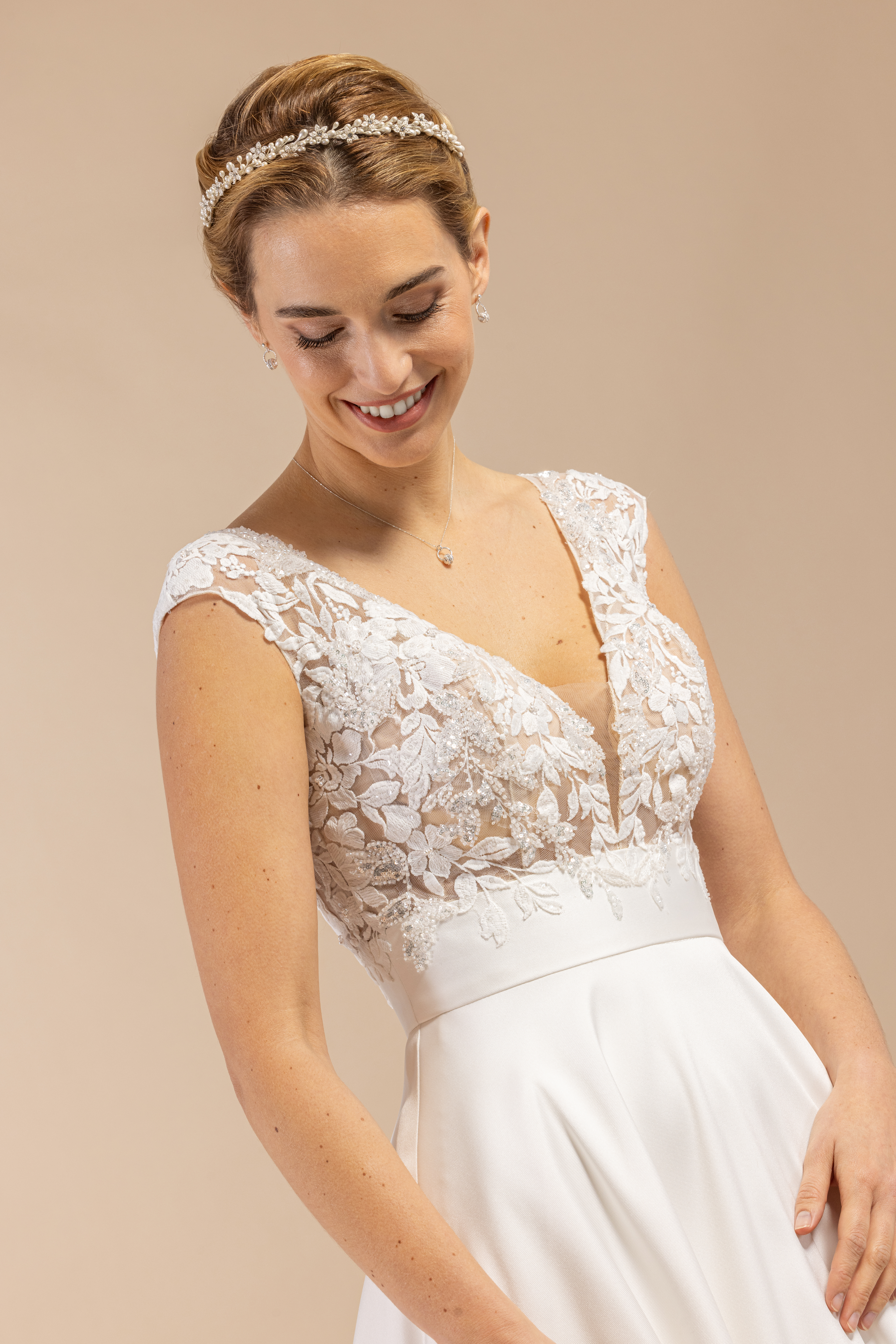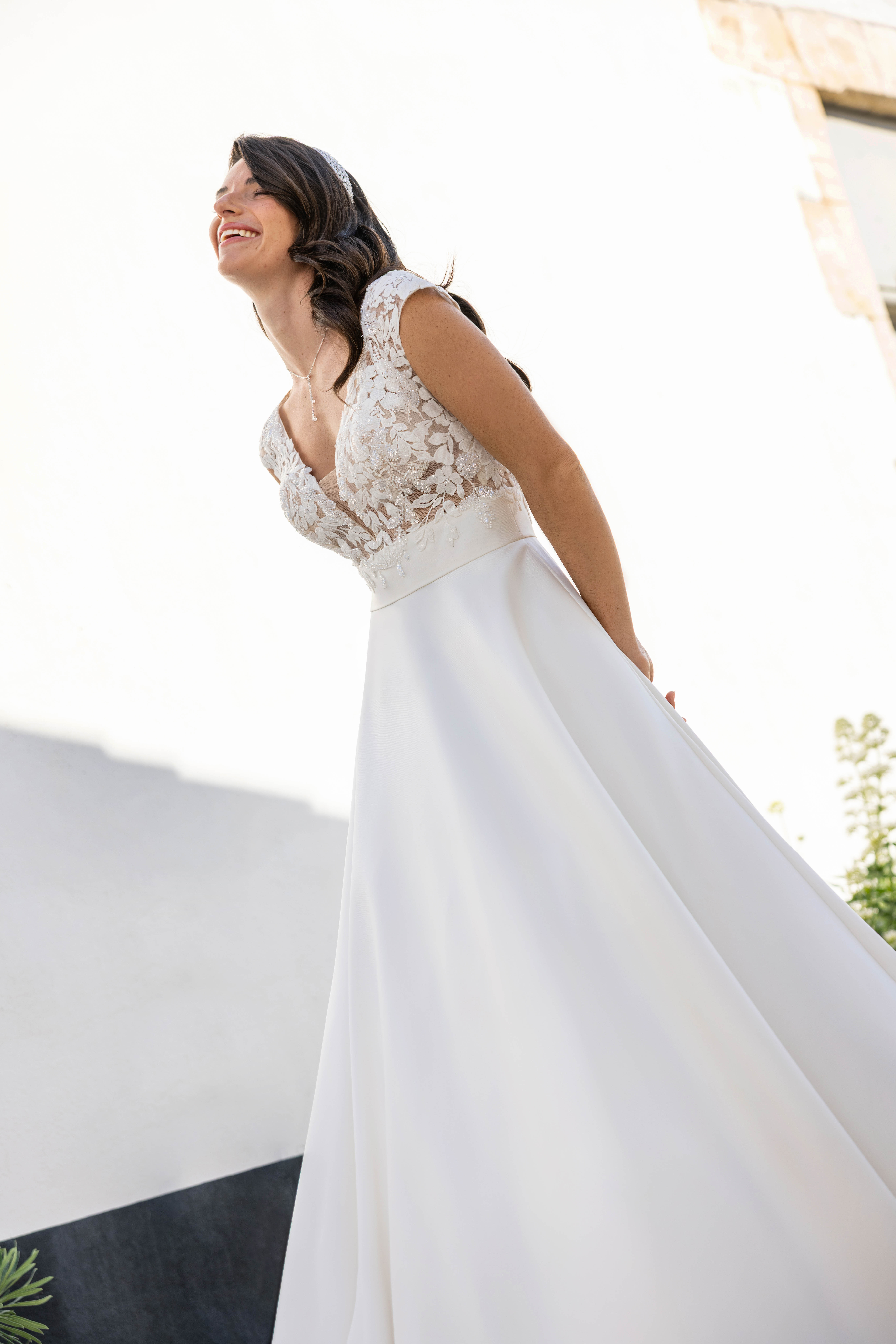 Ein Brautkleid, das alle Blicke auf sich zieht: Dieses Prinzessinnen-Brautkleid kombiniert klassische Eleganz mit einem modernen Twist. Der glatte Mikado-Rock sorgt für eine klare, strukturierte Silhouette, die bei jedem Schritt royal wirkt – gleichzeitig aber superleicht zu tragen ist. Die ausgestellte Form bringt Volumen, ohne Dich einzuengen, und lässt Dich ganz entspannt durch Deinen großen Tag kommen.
■ ■ ■ ■ ■
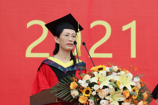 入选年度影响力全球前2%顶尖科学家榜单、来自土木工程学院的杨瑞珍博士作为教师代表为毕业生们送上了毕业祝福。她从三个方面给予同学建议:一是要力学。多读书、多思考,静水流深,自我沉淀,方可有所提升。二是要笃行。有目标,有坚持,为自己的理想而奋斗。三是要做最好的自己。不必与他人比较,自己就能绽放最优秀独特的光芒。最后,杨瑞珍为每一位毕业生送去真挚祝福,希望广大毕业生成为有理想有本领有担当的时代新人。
■ ■ ■ ■ ■
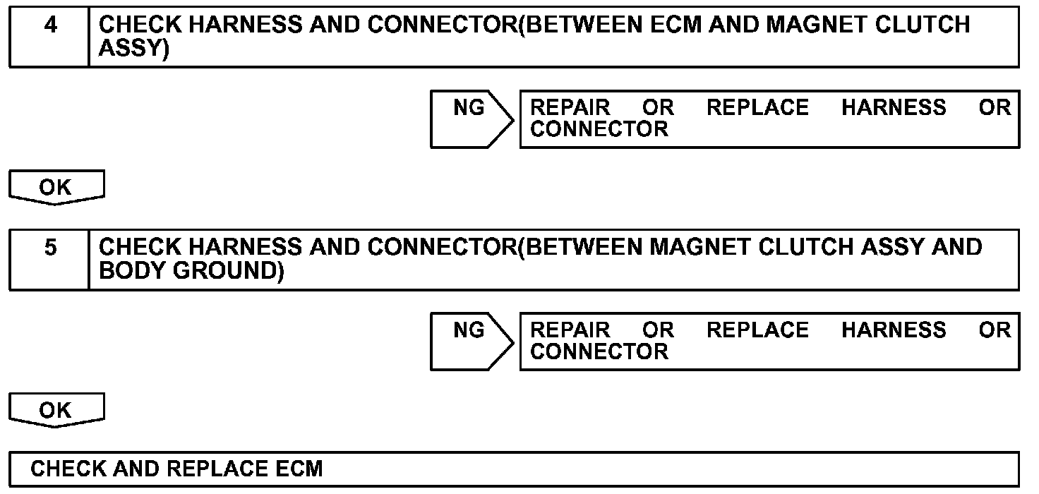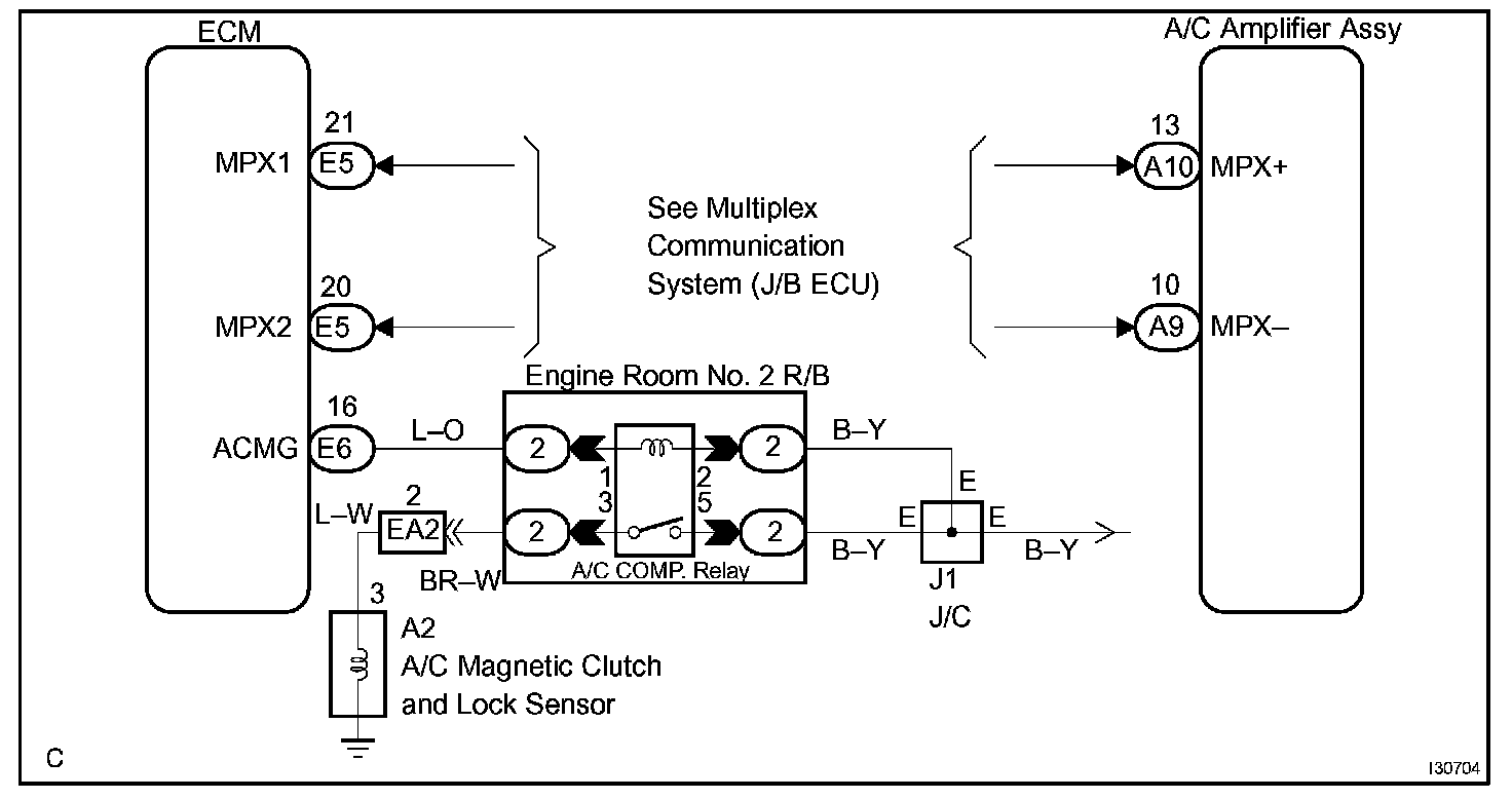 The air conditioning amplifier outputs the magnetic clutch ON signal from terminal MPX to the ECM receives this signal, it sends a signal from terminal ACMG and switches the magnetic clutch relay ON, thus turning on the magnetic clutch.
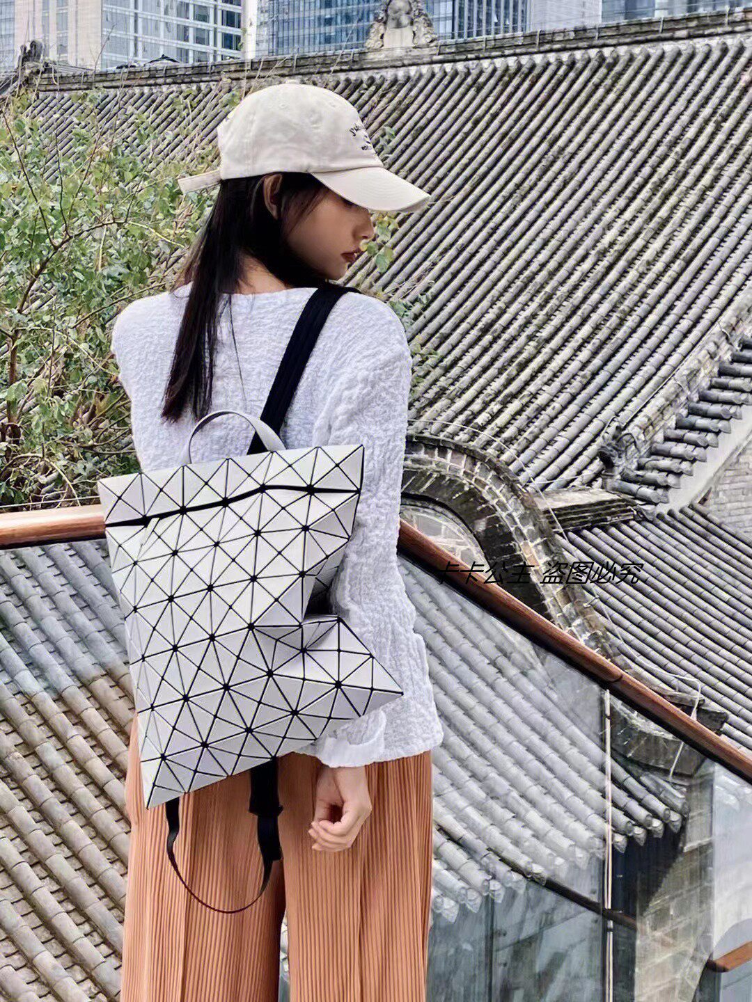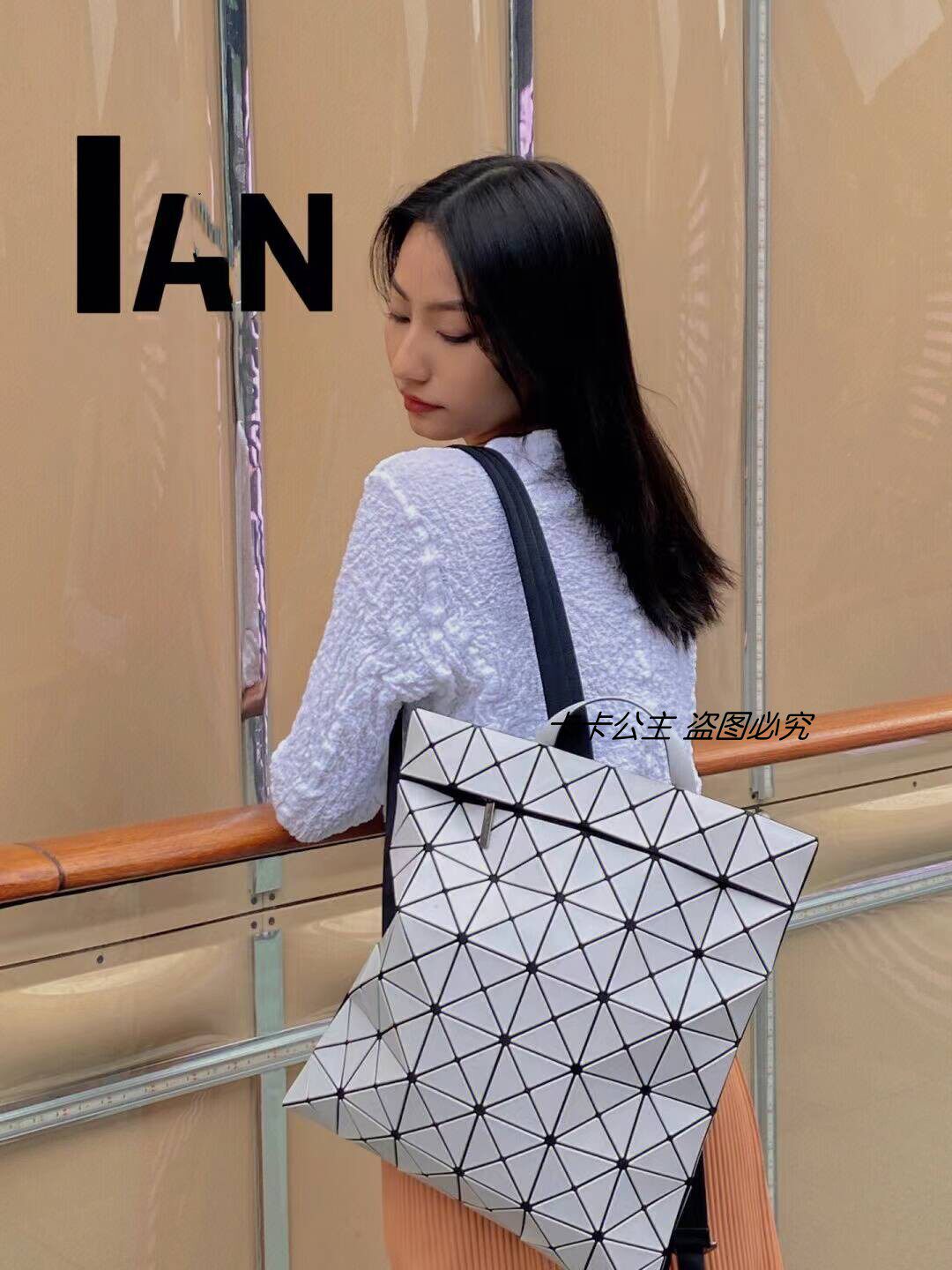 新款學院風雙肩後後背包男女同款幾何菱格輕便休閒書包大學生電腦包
■ ■ ■ ■ ■
### Work task:
Using the listing above, reproduce word for word every line from the one containing "The air conditioning" through the one containing "新款學院風雙肩後後背包男女同款幾何菱格輕便休閒書包大學生電腦包". Pictures must be left out.

### Exercise solution:
 The air conditioning amplifier outputs the magnetic clutch ON signal from terminal MPX to the ECM receives this signal, it sends a signal from terminal ACMG and switches the magnetic clutch relay ON, thus turning on the magnetic clutch.
 新款學院風雙肩後後背包男女同款幾何菱格輕便休閒書包大學生電腦包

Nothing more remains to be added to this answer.